The mine was shut in 2021 amid violent community protests. Peace was restored after RBM agreed to reserve 40% of new jobs for local communities. However, a battle over the reform of empowerment trusts, which were first formed by RBM in 2009, seems to be heading for the High Court. This was after the Amakhosi “reneged” on the reform process, according to RBM’s GM, Werner Duvenhage. In better news, RBM signed a deal with Voltalia to install 130MW worth of electricity supply in the black-controlled venture, Bolubedu Solar PV. The electricity will be wheeled from its Limpopo province premises and enable RBM to build production to nameplate capacity.

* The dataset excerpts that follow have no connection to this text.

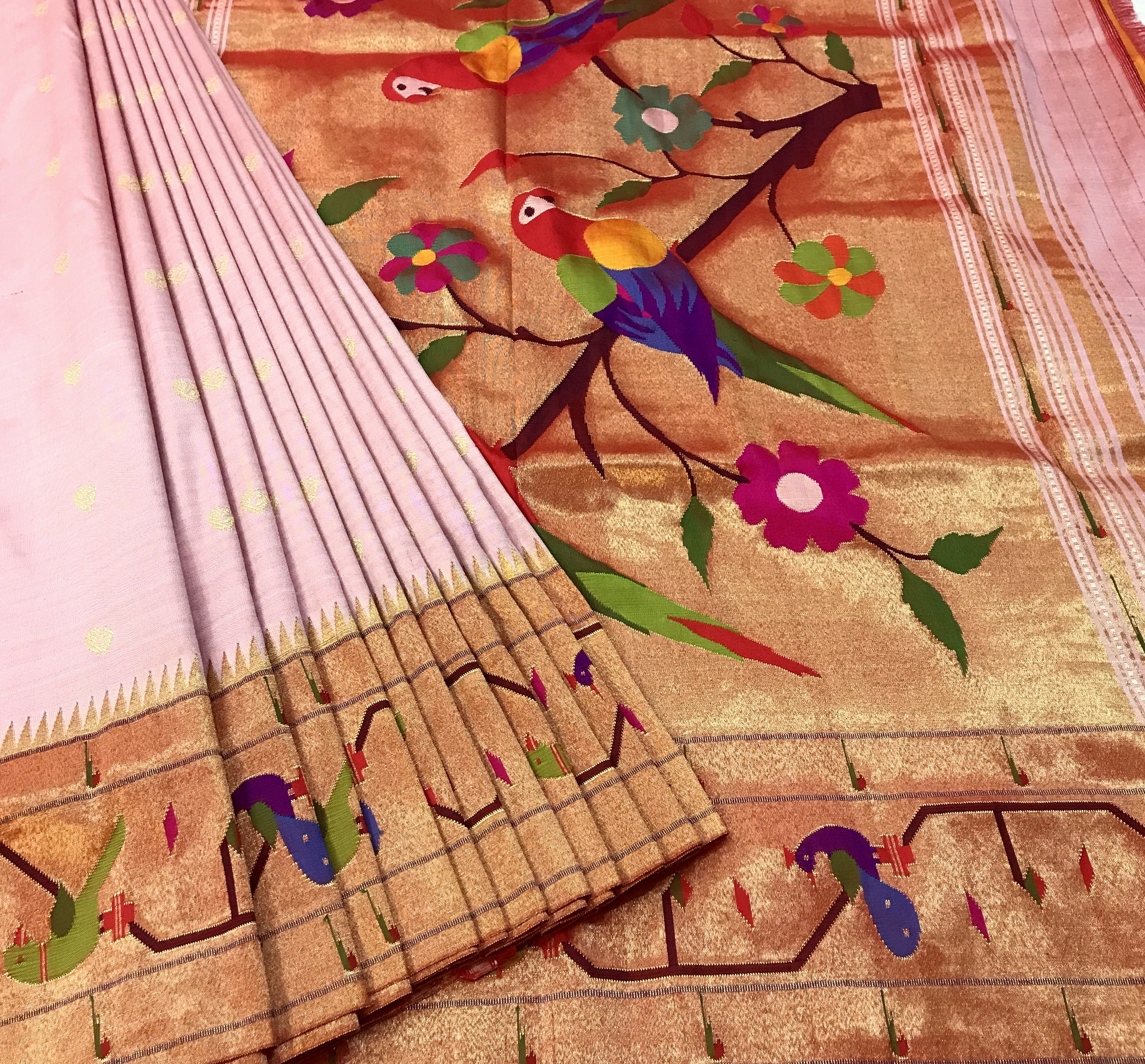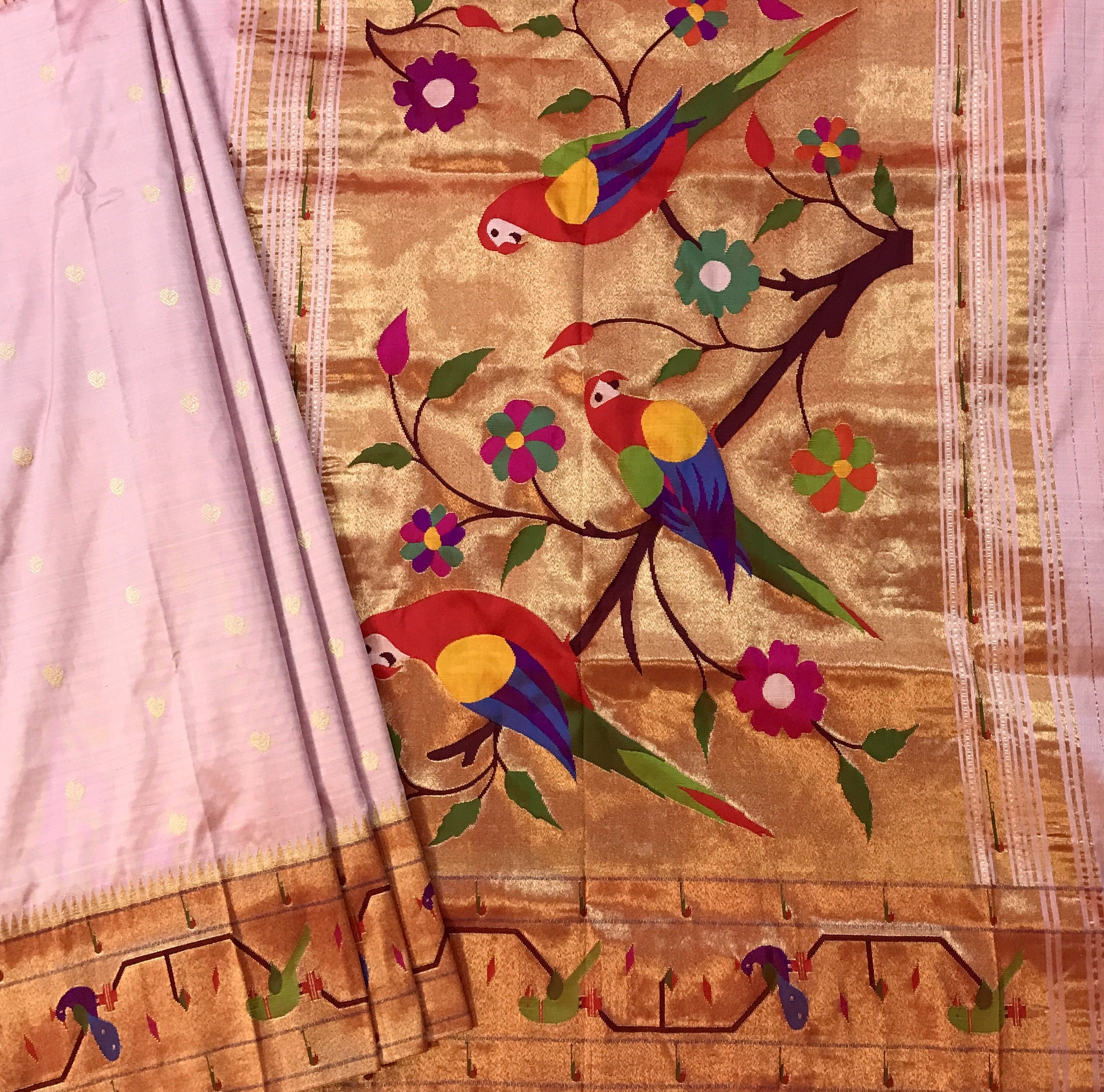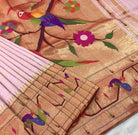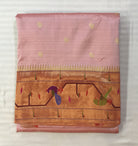 This is an incredible pink Signature Paithani with golden zari border. This saree is truly a masterpiece by the weavers! This saree has zari work, the unique delicate peacock shaped golden zari butti gives a designer touch to this incredible weave. This pure handloom Signature Paithani has ' Peacock and Parrot' motifs zari pallu. The specialty of this saree is that it has a special design border on the bottom which gives this saree a unique grace!
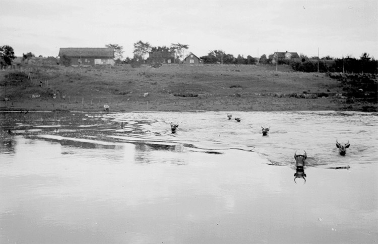 Sommarflöde i Hornborgaån. Simmande kor.
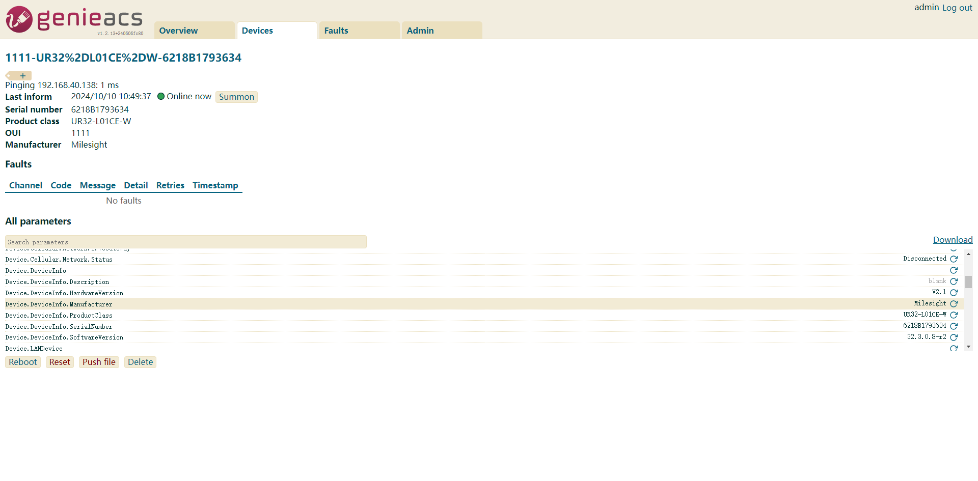 Wait for a moment, and the connected device information will be displayed in GenieACS's Devices section.
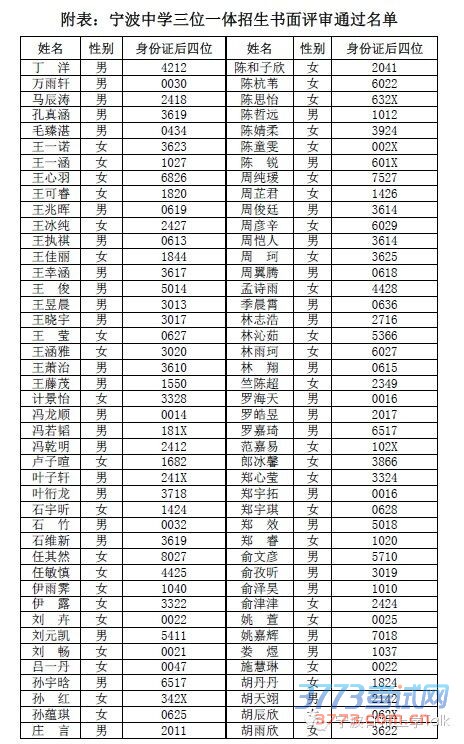 根据市教育局招生文件,宁波中学今年进行“三位一体”综合评价招生,通过书面评审参加宁波中学综合测试的考生共有175人。初审通过的考生名单详见后面附表。
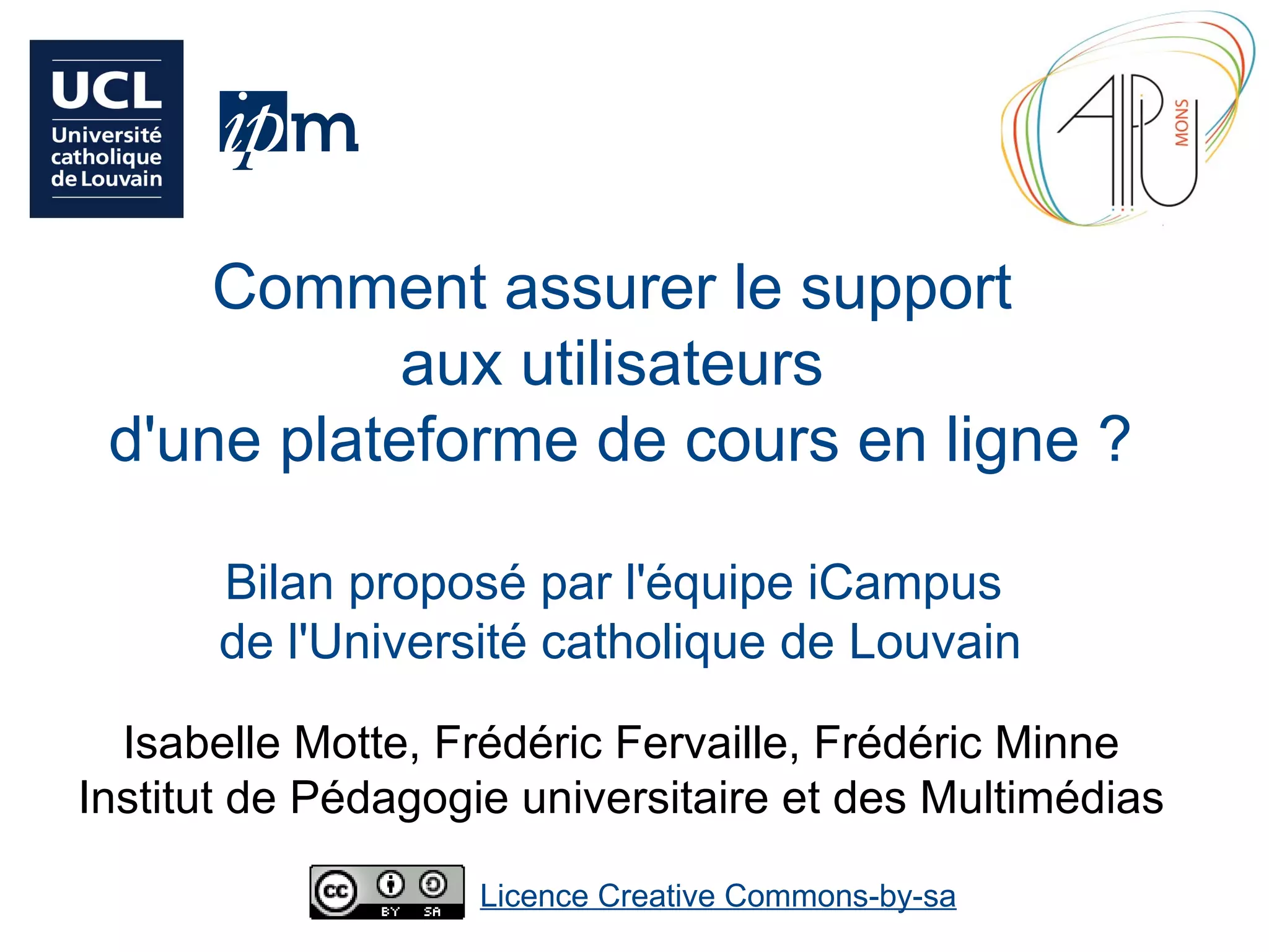 Le document analyse les modalités de support aux utilisateurs de la plateforme de cours en ligne iCampus à l'Université Catholique de Louvain, mettant en évidence la charge de travail liée au support technique par mail et les attentes croissantes des utilisateurs pour un accompagnement personnalisé. Il propose également des solutions comme un manuel en ligne populaire et l'utilisation de screencasts pour améliorer la formation et l'information des utilisateurs. En conclusion, le rapport recommande de continuer à optimiser les processus de support et d'améliorer la documentation pour mieux répondre aux besoins des étudiants et enseignants.

Currently, RBM produces 600,000 tons of titanium a year, a little over half its capacity, because Eskom rations power to a 237MW cap. Stausholm’s other strategic goal is to restore momentum to stalled projects. On his watch, there’s been an agreement with the Mongolian government for the Oyu Tolgoi copper mine, while at the Simandou iron ore mine in Guinea, Rio Tinto signed a joint venture with other commercial partners that sets the course for $15bn in infrastructural development that had been previously contested. But for reasons stated, there’s less certainty about RBM’s $463m Zulti South project. Zulti South, if approved, will add about 25 years to the mine’s life. RBM says it’s working on “suitable solutions”.
LIFE OF JAKOB
Stausholm has a master’s degree in economics from the University of Copenhagen. He worked for some 20 years at Royal Dutch Shell, where, as chief auditor, he was tasked with getting to the bottom of the group’s reserves reporting scandal in 2004. He was then hired by shipping group AP Moller-Maersk in 2012, where he rose through the ranks, eventually becoming its CFO amid a break-up in the century-old conglomerate. The 54-year-old Dane stands a towering 6ft 7in high and is a keen athlete, with an interest in cross-country skiing and running.